Package picalo :: Module Trending
[show private | hide private]
[frames | no frames]

Module picalo.Trending

The Trending module contains functions that highlight trends in data. Since fraud is most often found in changes over time, this module is useful in looking at trends over time.
Function Summary
Table average_slope(table, ycol, xcol)
Computes the average of the slopes between the points given.
Table cusum(table, col)
Calculates a cusum, a cumulative difference in the values of a list at each row in the table.
Table handshake_slope(table, ycol, xcol)
Computes the slope between every point given.
Table highlow_slope(table, ycol, xcol)
Computes a slope based on the minimum Y and the X that goes with it and the maximum Y and the X that goes with it.
Table regression(table, ycol, xcol)
Computes the regressionline for the points given.
  slope(X1, Y1, X2, Y2)
Calculated the slope between the two points given.

Variable Summary
tuple __functions__ = ('cusum', 'highlow_slope', 'average_slop...

Function Details

average_slope(table, ycol, xcol=None)

Computes the average of the slopes between the points given. If xcol is None, it is generated starting as 0, 1, 2, 3, etc.

Example:
>>> from picalo import *
>>> table = Table([('col000', unicode), ('col001', int), ('col002', int)], [
['Dan',10,8],
               ['Sally',12,12],
               ['Dan',11,15], 
               ['Sally',12,14], 
               ['Dan',11,16], 
               ['Sally',15,15], 
               ['Dan',16,15], 
               ['Sally',13,14]])

>>> results = Trending.average_slope(table, 2, 1)
>>> results.view()
+-----------------+
|  Average Slope  |
+-----------------+
| -0.559523809524 |
+-----------------+
Parameters:
table - The table to calculate the slope on
           (type=Table)
ycol - The y column to use. The maximum and minimum are taken from this column.
           (type=str)
xcol - The x column to use. This is optional.
           (type=str)
Returns:
The average slope between points
           (type=Table)

cusum(table, col)

Calculates a cusum, a cumulative difference in the values of a list at each row in the table.

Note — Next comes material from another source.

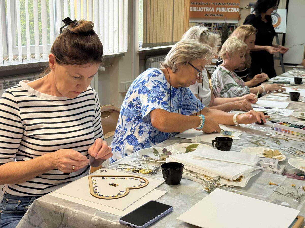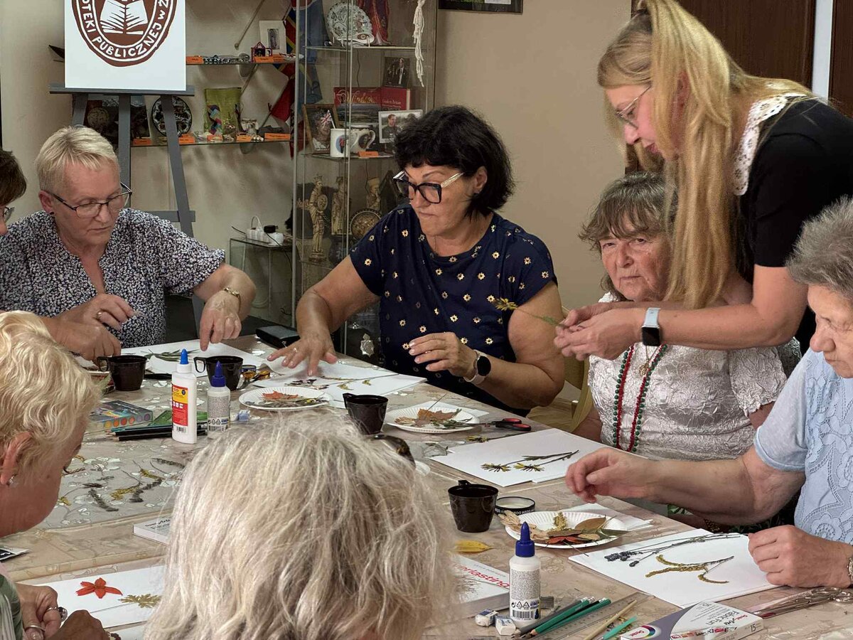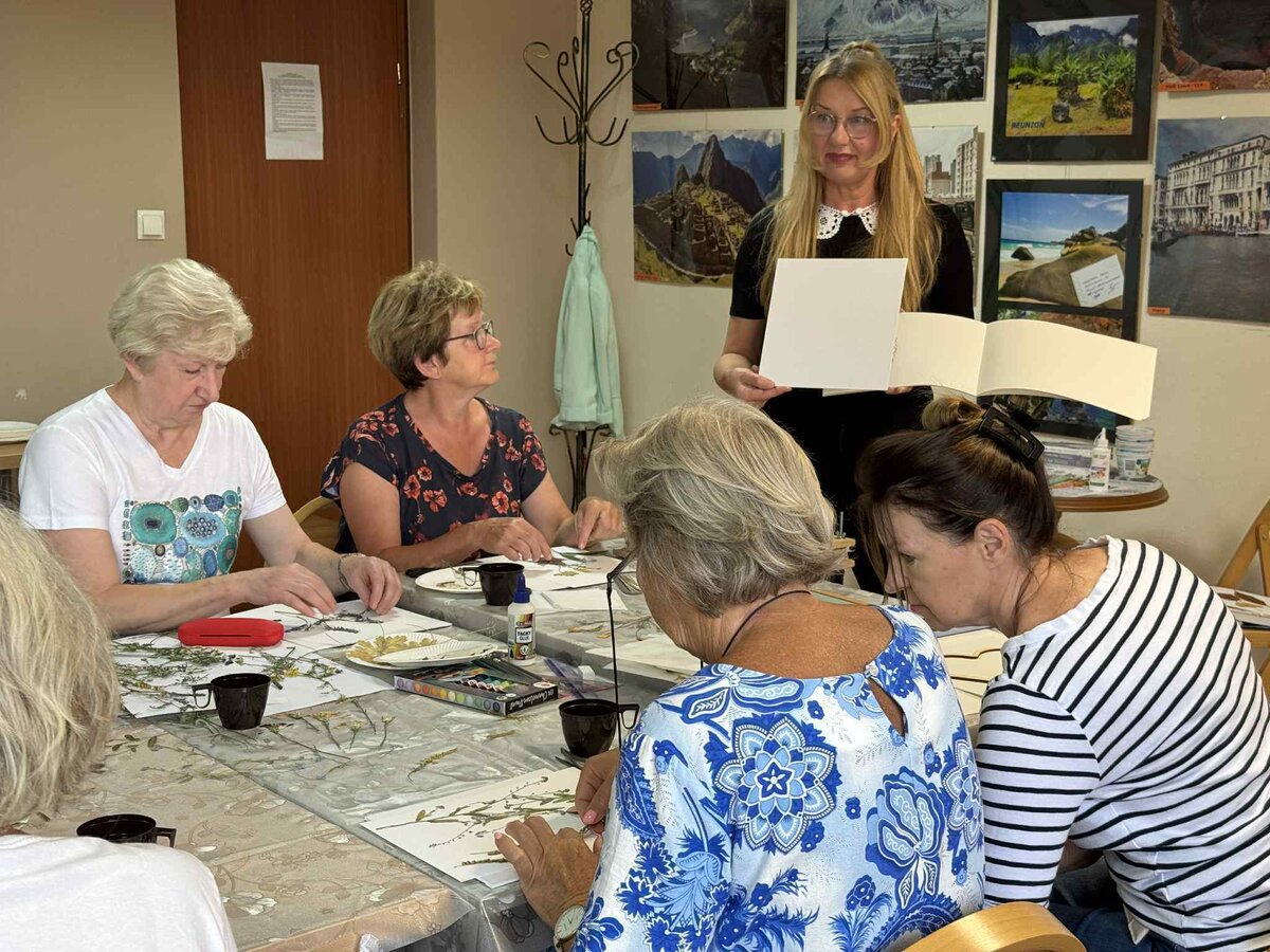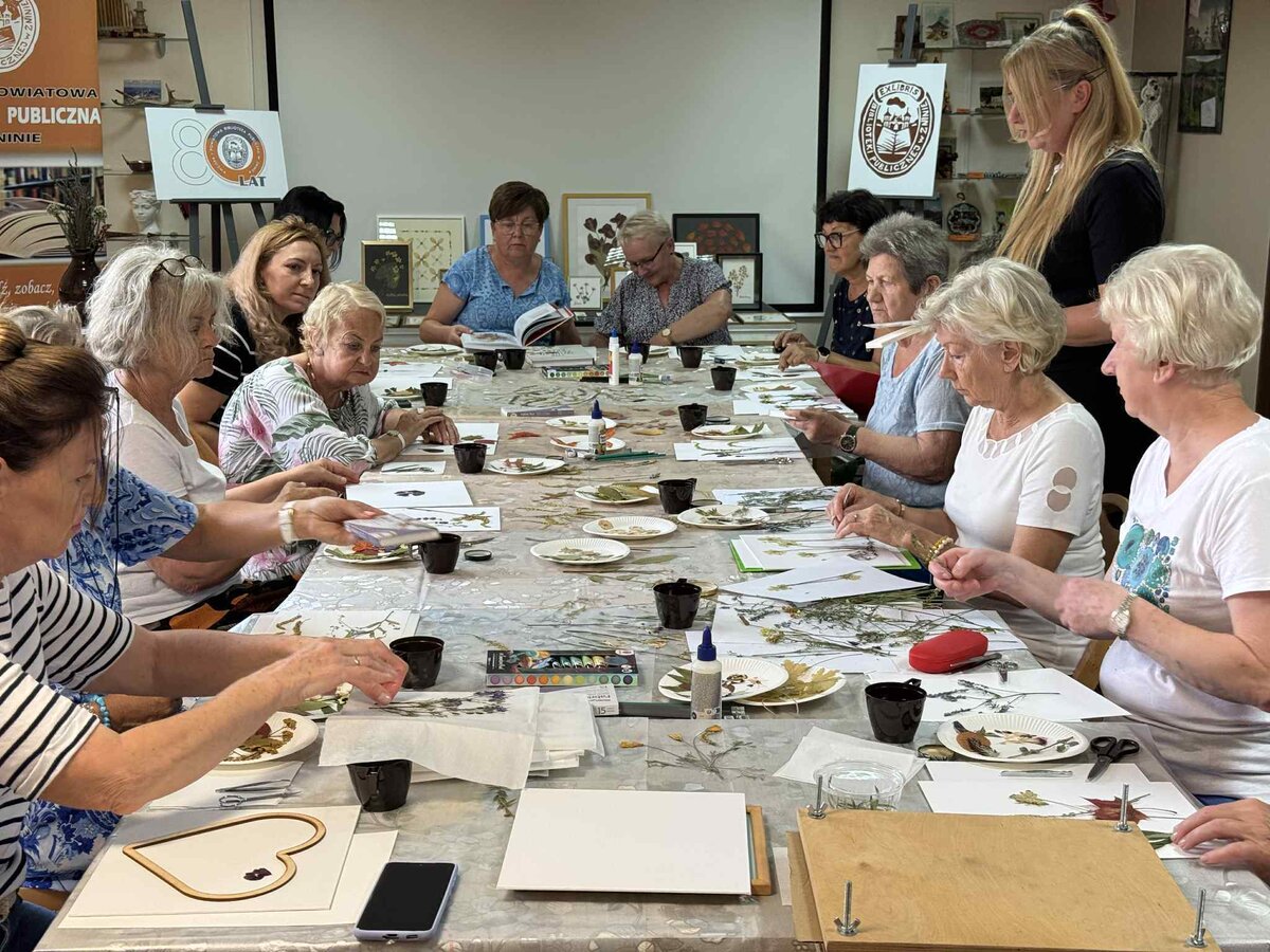 Przyniesione przez panią Izę publikację wprowadziły nas w temat tworzenia trwałych dekoracji, takich jak bukiety, wianki i kompozycje, wykorzystując przy tym naturalnie zasuszone rośliny. Razem za poradą prowadzącej udało nam się stworzyć oryginalne projekty płaskich obrazów, które będą stanowiły idealną pamiątkę lub prezent dla miłośników natury i stylu boho. Za dwa tygodnie będziemy kończyć nasze dzieła.
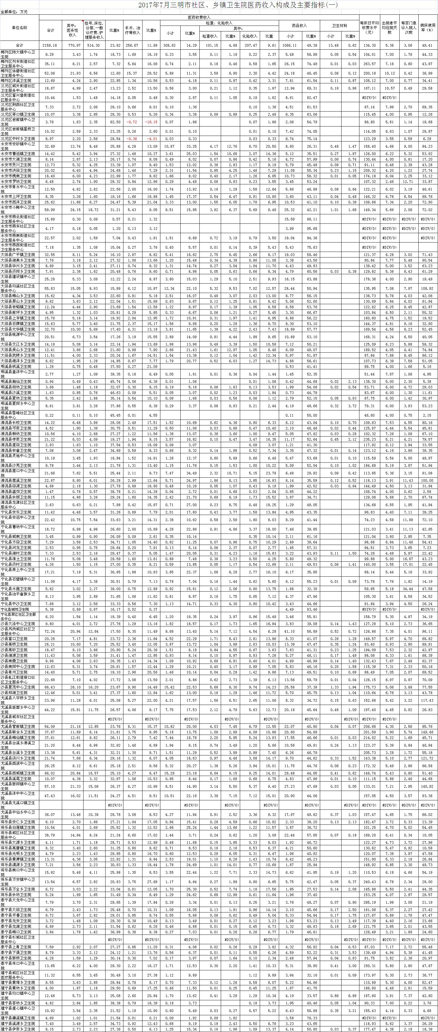 1-7月份基层医疗机构医药总收入14959.33万元,去年同期12683.9万元,同比增加2275.43万元,增长17.94%,其中:医务性收入5341.88万元,占医药收入35.71%(床位收入501.57万元、手术治疗护理等服务收入4840.31万元),去年同期4514.95万元, 医务性收入同比增加825.93万元,增长18.32%;检查化验收入2139.2万元,同比增长10.87%;药品收入7382.71万元,去年同期6132.82万元,同比增长1249.89万元,增长20.38%,药占比49.35%,去年同期48.35%,同比增长1个百分点;卫生材料收入95.54万元,去年同期106.71万元,同比减少11.17万元,占医药收入0.64%,去年同期0.84%,同比下降0.2个百分点。入院人次58486人次,去年同期59576人次,同比减少1090人次,下降1.83%,其中泰宁县、三元区、明溪县分别下降34.01%、23.2%、19.38%、;门急诊人次2032583人次,去年同期1442089人次,同比增加590494人次,增长40.95%;每门诊次均费用53.12元,去年同期59.11元,同比减少5.99元,下降10.13%;出院者平均费用712.64元,去年同期697.9元,同比增加14.74元,增长2.11%。

The cusum calculation gives a sense of the overall direction of a curve.

Example: >>> table = Table([('col000', int), ('col001', int)], ([5,6], [3,2], [4,6])) >>> cusum = Trending.cusum(table, 0) # cusum the first column (5, 3, 4) >>> cusum.view() +--------------+ | col000_cusum | +--------------+ | 0 | | -2 | | -1 | +--------------+
Parameters:
table - The table to be cusumed.
           (type=Table or TableArray)
col - The column name or index to cusum.
           (type=str)
Returns:
A new table containing a single column for the cusum value.
           (type=Table)

handshake_slope(table, ycol, xcol=None)

Computes the slope between every point given. If xcol is None, it is generated starting as 0, 1, 2, 3, etc.

For example: Assume 5 points. The slopes from points 1 to 2, 1 to 3, 1 to 4, 1 to 5, 2 to 3, 2 to 4, 2 to 5, 3 to 4, 3 to 5, and 4 to 5 are calculated. The sum of those slopes are divided by the total number of points to get an idea of the general trend.
Parameters:
table - The table to calculate the handshake slope on.
           (type=Table)
ycol - The y column to use.
           (type=str)
xcol - The x column to use. This is optional.
           (type=str)
Returns:
A picalo table containing one cell: the calculated slope.
           (type=Table)

highlow_slope(table, ycol, xcol=None)

Computes a slope based on the minimum Y and the X that goes with it and the maximum Y and the X that goes with it. Returns the X that goes with the minimum Y, the minimum Y, the X that goes with the maximum Y, the maximum Y, and the slope.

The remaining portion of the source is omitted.